Plants vs. Zombies Heroes is a digital collectible card game in the Plants vs. Zombies series, developed by PopCap Games and published by Electronic Arts. On March 10, 2016, it underwent a soft launch in some countries on iOS, before being internationally released on October 18, 2016. This is the first mobile release in the Plants vs Zombies series in which players can play on either the Plant team or the Zombie team.

Gameplay 

In Plants vs. Zombies Heroes, each player begins with a deck of 40 cards which they have selected beforehand, using cards from their collection. The playing area has five lanes, some of which may be elevated or filled with liquid. A card can be placed in any empty lane (unless the card has the trait "Team Up", in which case 1 "Team Up" card can be played in the same lane as a regular card with the maximum being 2 cards per lane). Only "Amphibious" cards can be placed in liquid-filled lanes. Each card has a different cost to play and as in the previous games in the series, the Plant player uses a currency of suns and the Zombies use brains. Each player and card has a certain amount of health, and will be defeated if they lose their health. Each round consists of four phases: Zombies Play, Plants Play, Zombie Tricks and Fight. When one of the players' life reaches 0, the opposing player wins. Both the plants and the zombies have 11 (previously 10, before the Galactic Gardens update) playable heroes, each of which have their own unique characteristics, some of them were originally seen in Plants vs. Zombies: Garden Warfare 2, Plants vs. Zombies 2: It's About Time or Plants vs. Zombies Adventures. Various quests, rewards and challenges are available which allow the player to earn in-game currency that enables obtaining more cards for their collection. Cards may also have traits. These allow them to have special abilities, such as damaging multiple enemies, healing, being immune to tricks, etc. In-app purchases are available as well.

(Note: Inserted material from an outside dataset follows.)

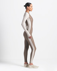 Sleek and breathable, this full-length bodysuit hugs your curves with bold style. Our quick-drying Shine fabric combines with color-blocked details to give you a smoothing fit and a luxuriously light feel. Benefits - Our sleek Shine fabric is lightweight and breathable with a smoothing fit and subtle sheen. - Front zipper and interior hook-and-loop closure offers easy changing and a secure hold. Product Details - 26" inseam - Four-way stretch - Contrast logo at wearer's left chest - 78% nylon/22% spandex - Machine wash - Imported - Shown: NSKM TRUFFLE/NSKM STONE - Style: OSONS9503W-TST SIZE & FIT Model is wearing size S and is 5'9"175cm Tight fit: snug and form-fitting

While the game may appear similar to Hearthstone, it has features that make it distinct. The first of these is the comic book style art design which along with the soundtrack game creates a very different atmosphere than the one found in Hearthstone. Most Plants and Zombies can only attack enemies in their lane. Heroes have a "block meter" used to block attacks. In addition, the in-game currencies can be earned more easily and faster than in Hearthstone. By watching advertisements or completing quests, users can unlock packs at a higher rate than they would have been able to in Hearthstone.

Card Set
The following table lists the card set releases by their name, type, date of release, and card count.

Other than the cards from these sets, there are superpower cards, basic cards, and event cards.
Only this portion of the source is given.